Emerging growth company ¨
If an emerging growth company, indicate by check mark if the registrant has elected not to use the extended transition period for complying with any new or revised financial accounting standards provided pursuant to Section 13(a) of the Exchange Act. ¨
Explanatory Note
On December 17, 2020, ACCO Brands Corporation (the “Company”) filed a Current Report on Form 8-K (the “Original Form 8-K”) to announce that it had completed the acquisition of the consumer electronics and video gaming accessory business of Bensussen Deutsch & Associates LLC (“Seller”), referred to as Seller’s Consumer Products Division (the “PowerA Business”), for approximately $340 million (subject to customary adjustments), and up to $55 million in additional earn-out consideration, pursuant to the Equity Purchase Agreement (the “Purchase Agreement”), dated November 10, 2020, as amended, by and among the Company, ACCO Brands USA LLC ("Buyer"), a wholly owned subsidiary of the Company, Seller, and, solely with respect to certain provisions thereof, Bensussen Deutsch Holdings, Inc., Jacob B. Deutsch and Eric E. Bensussen. Pursuant to the Purchase Agreement, Seller (i) directly transferred certain non-U.S. assets and intellectual property of the PowerA Business to Buyer or an affiliate of Buyer and (ii) contributed the other assets and properties of the PowerA Business into Pioneer Newco, LLC (“Newco”), a wholly owned subsidiary of Seller, after which Buyer purchased all of the outstanding equity interests of Newco (collectively, the “Transaction”). Newco was subsequently merged into ACCO Brands USA, LLC, a wholly-owned subsidiary of the Company.
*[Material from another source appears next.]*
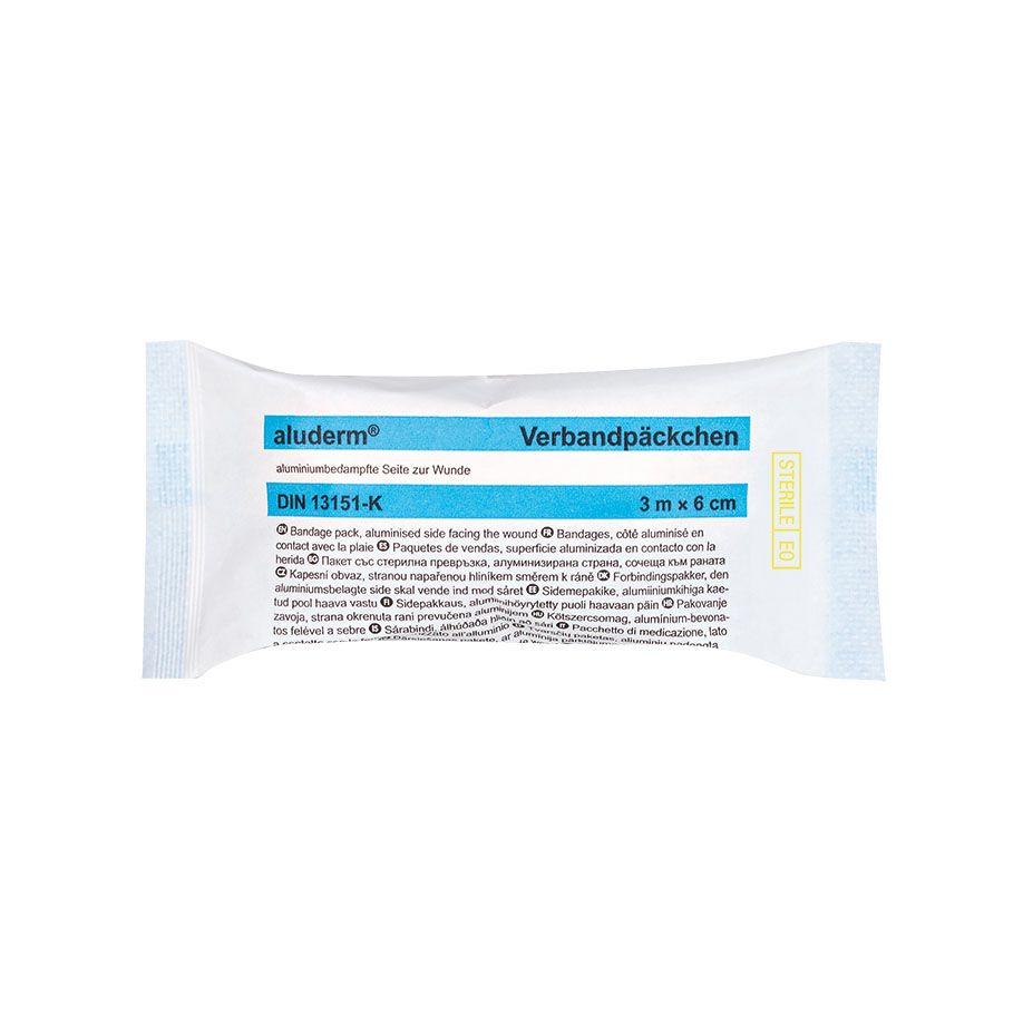 Aluminiumbedampfte aluderm®-Kompresse mit starker Sauglage, aufgesiegelt auf eine elastische WS-Fixierbinde, stranguliert nicht. SÖHNGEN®-No-Touch-Wicklung. Einzeln steril verpackt. Binde ca. 3 m (ged.) x 6 cm, Kompresse ca. 6 x 8 cm

The Company is filing this Form 8-K/A as an amendment to the Original Form 8-K to provide the audited and unaudited financial statements of the PowerA Business and proforma financial information required by Items 9.01(a) and (b) of Form 8-K, respectively.
Section 9 - Financial Statements and Exhibits
Item 9.01 Financial Statements and Exhibits.
(a) Financial Statements of Businesses Acquired.
The audited financial statements of the PowerA Business as of and for the year ended December 31, 2019, the related notes and the related independent auditor’s report of Moss Adams LLP thereon, as required by Item 9.01(a) of Form 8-K, are included as Exhibit 99.1 to this Current Report on Form 8-K/A and are incorporated herein by reference. The unaudited financial statements for the PowerA Business as of and for the nine months ended September 30, 2020, and the related notes, as required by Item 9.01(a) of Form 8-K, are included as Exhibit 99.2 to this Current Report on Form 8-K/A and are incorporated herein by reference. The consent of Moss Adams LLP, Seller’s independent auditor, is attached as Exhibit 23.1 to the Amendment No. 1 to this Current Report on Form 8-K/A.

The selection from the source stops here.